ARJO SEGERS
KNMI
Date: 3 March 2009
The GO library provides general purpose entities for Fortran90 programs.
In summary, the GO library provides:
The library consists of a single module to provide access to routines, functions, and data types. In addition, a few shell scripts are provided for specialized tascs.
An integer status argument is present in most routines:
subroutine aaa( status )
integer, intent(out) :: status
! wrong!
if ( 1 /= 0 ) then
write (*,'("ERROR - this is a serious error ...")')
write (*,'("ERROR in aaa"); status=1; return
end if
! ok
status = 0
end subroutine aaa
The value should be checked on return to test on succesful completion:
call aaa( status )
if (status/=0) then; write (*,'("ERROR in prog")'); status=1; return; end if
To make the make the code more readible, define a preprossor macro
for this check-and-trace line:
#define IF_ERROR_THEN(action) if (status/=0) then; write (*,'("ERROR in prog")'); action; return; end if
call aaa( status )
IF_ERROR_RETURN( status=1 )
The GO-library takes the form of a module:
use GO
The GO module (source file go.f90) is in fact a shell around a bunch of sub modules. The sub modules should not be used directly, but accessed through the main module only.
Standard file units, might be compiler depended.
Since the standard file units might be used by other modules to write (error) messages, this is the most basic of all GO modules.
Access the entities of this module via the main module (prefered) or directly:
use GO, only : ...
use GO_FU, only : ...
integer, parameter :: goStdIn = 0
integer, parameter :: goStdOut = 5
integer, parameter :: goStdErr = 6
integer, parameter :: goFuRange(2) = (/0,999/)
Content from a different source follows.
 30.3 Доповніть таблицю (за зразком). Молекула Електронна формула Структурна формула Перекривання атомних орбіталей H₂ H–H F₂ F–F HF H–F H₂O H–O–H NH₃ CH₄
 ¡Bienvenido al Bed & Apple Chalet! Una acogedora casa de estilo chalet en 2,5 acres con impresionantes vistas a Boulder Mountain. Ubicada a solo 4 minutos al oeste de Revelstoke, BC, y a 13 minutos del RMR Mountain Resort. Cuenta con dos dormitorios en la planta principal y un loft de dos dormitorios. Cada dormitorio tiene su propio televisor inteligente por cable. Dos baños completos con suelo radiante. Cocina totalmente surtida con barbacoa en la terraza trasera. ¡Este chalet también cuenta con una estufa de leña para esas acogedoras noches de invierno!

Free file units selected by 'goGetFu' in module 'GO_File'
are within this range; if all are in use, an error is issued.
This range might become a variable in future, such that free
file units are selected in a range that is not used by other
parts of the code.
The module is implemented in source file go_fu.F90 .
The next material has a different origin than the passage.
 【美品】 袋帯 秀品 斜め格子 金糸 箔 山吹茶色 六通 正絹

Tools for (error) messages.
Basic idea is to write messages to the character buffer 'gol' and let the the actual printing be managed by a special routine. This is especially usefull if the program runs on multiple processors:
write (gol,'("This is processor : ",i2)') myid; call goPr
With the appropriate settings, the output might be:
[00] This is processor : 0
[03] This is processor : 3
[02] This is processor : 2
[01] This is processor : 1
Access the entities of this module via the main module (prefered) or directly:
use GO, only : ...
use GO_Print, only : ...
character(len=256) :: gol
call GO_Print_Init( status, apply=.true., &
prompt_pe=.true., pe=0, &
trace=.false. )
Arguments:
call GO_Print_Done( status )
Arguments:
write (gol,'("Hello!")'); call goPr
write (gol,'("this is a serious error ...")'); call goErr
write (gol,'("in program")'); call goErr; status=1; return
This will produce the following output:
[00] ERROR - this is a serious error ...
[00] ERROR - in program
At the moment, error messages are treated the same as normal messages.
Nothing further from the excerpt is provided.